I can’t breathe. I can’t breathe. Anything for air. I shoot for the surface, my lungs burning, my hair wrapped around my head.
I surface, choking.
But it’s not that when I reach the surface I can breathe. I’ve swallowed so much water all I can do is choke. I suck in only a sliver of air before the river pushes me under another side waterfall, which forces me under again, water in my mouth. I fight for the surface. I fight for air. Another waterfall ahead. This time I instinctively swim away from it, choking… can’t breathe…
The river loosens its chokehold and calms, still carrying me in overwhelming currents.
I spot the island that divides the river in two up ahead, and I weakly kick my way towards the massive, steep black rocks. If I don’t make it, I don’t know what will happen to me. I could be carried further down the river, down more waterfalls… into the ocean.
I grasp hold of the rocks.
I can’t climb out. I can’t think. I can’t respond to Kishori’s screams, “Bhakti! Bhakti!!”
I can only cling to the rocks with my weak grasp. And only one whisper comes out of my mouth, over and over and over again. I don’t know what I’m saying, I don’t know where it comes from, the name just comes: “Krishna. Krishna. Krishna.”
My religion is stripped away from me. I do not think of a blue boy with a flute, because that's how God is portrayed in my religion, that is Krishna. I do not think of festivals or temples or scriptures or holy people or holy places… nothing.
Even when the current picks up again and plasters me to the rocks, I can’t think, I can only hold on and say that name over and over again: “Krishna. Krishna. Krishna.”
Kishori is in a panic. She jumps into the river and swims to the island. I have climbed out by now and sit in the sun, eyes closed, and the heat of the black rocks warms my shivering skin.

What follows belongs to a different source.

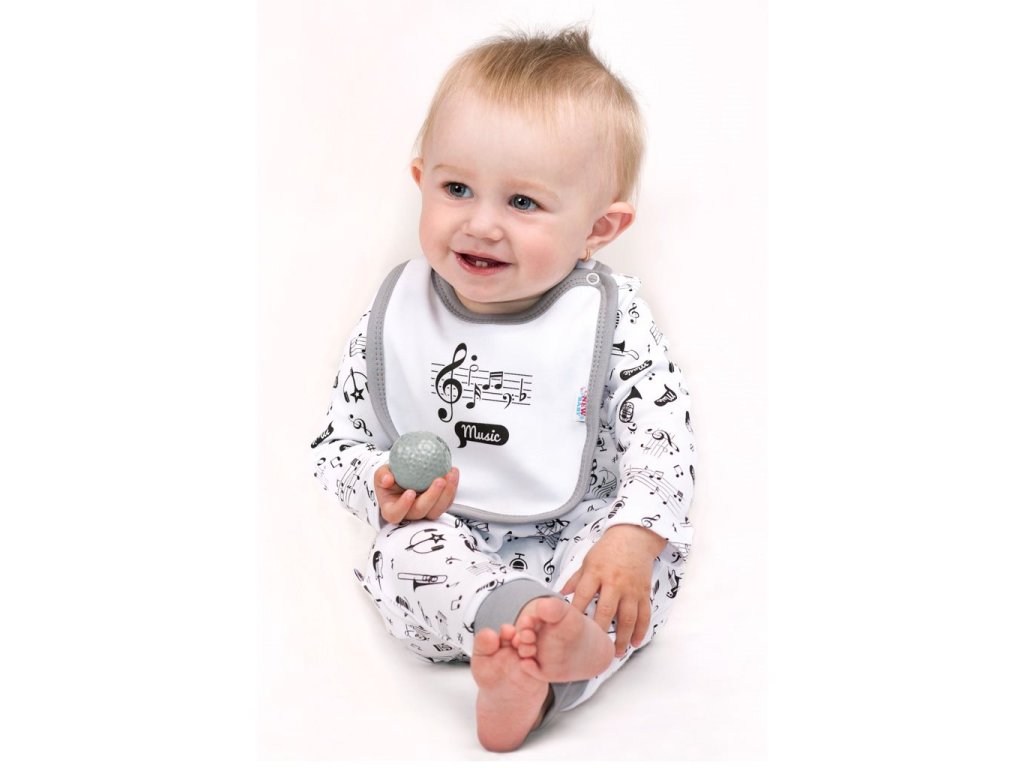 Bavlnené dojčenské polodupačky New Baby Music pre bábätká. Polodupačky sú jednofarebné s originálnou potlačou notičiek a hudobných nástrojov. Majú široký lem, ktorý netlačí na bruško bábätka. Zapínanie medzi nožičkami na cvočky. Naše originálne a zároveň veselé polodupačky sú vhodné pre chlapcov aj dievčatká. Zloženie: 100% bavlna. Rozmer: obvod okolo pása cca 36 cm, obvod cez boky cca 59 cm, dĺžka od pása cca 48 cm, dĺžka od rozkroku cca 22 cm.Dodatočné parametre

When Kishori reaches me, I admit to her that I’m shaken, but I play it off. I refuse to be a wuss. Kishori warily accepts my cool demeanor. We warm in the sun on the rocks awhile longer until I realize I still have to go to work.
I insist to Kishori that I'll head back alone, so I shakily swim the short distance to the shore, climb out, and walk the rest of the way back. I head to a friend’s house, get dressed, and hop on my bike. Life goes on.
But life doesn’t go on. At work, I wash my face with water and realize I feel sick. I clock out. I lay down outside in the peaceful summer afternoon.
I begin to sob and sob. Scenes of water and rocks and feelings and no air flash through my mind and through my body. The fear washes through me in waves.
Why am I still alive? In one moment I could have hit my head, I could have swallowed too much water, I could have been carried further and further down the river, down more waterfalls, into the ocean... in one second, done. Just like that.
What unnerved me the most was that I was not thinking of God in the midst of all that chaos. Survival was my only instinct – just air. And yet if I had died in those moments, what would I have been thinking of? Where would my soul have flown?
That afternoon I had a crisis of faith that I have reflected upon for many years. I began to question my religion in every possible way and I sought answers, year after year. After many conversations and many years, I have come to a conclusion: I may have abandoned the holy name but the holy name never abandoned me.
Krishna is not Hindu or Christian or Muslim or Indian or from this religion or that religion… Krishna is God, and He came for me when my mind was shattered.
Someone once asked the saint Srila Prabhupad what he feels when he chants the holy name. Immediately he replied, “I feel no fear.”
I realize that at any moment death may come for me, even at a moment when I am least expecting it and cannot turn to God. Yet I have nothing to fear, for even if I am shattered and broken, the holy name shall carry me in His arms.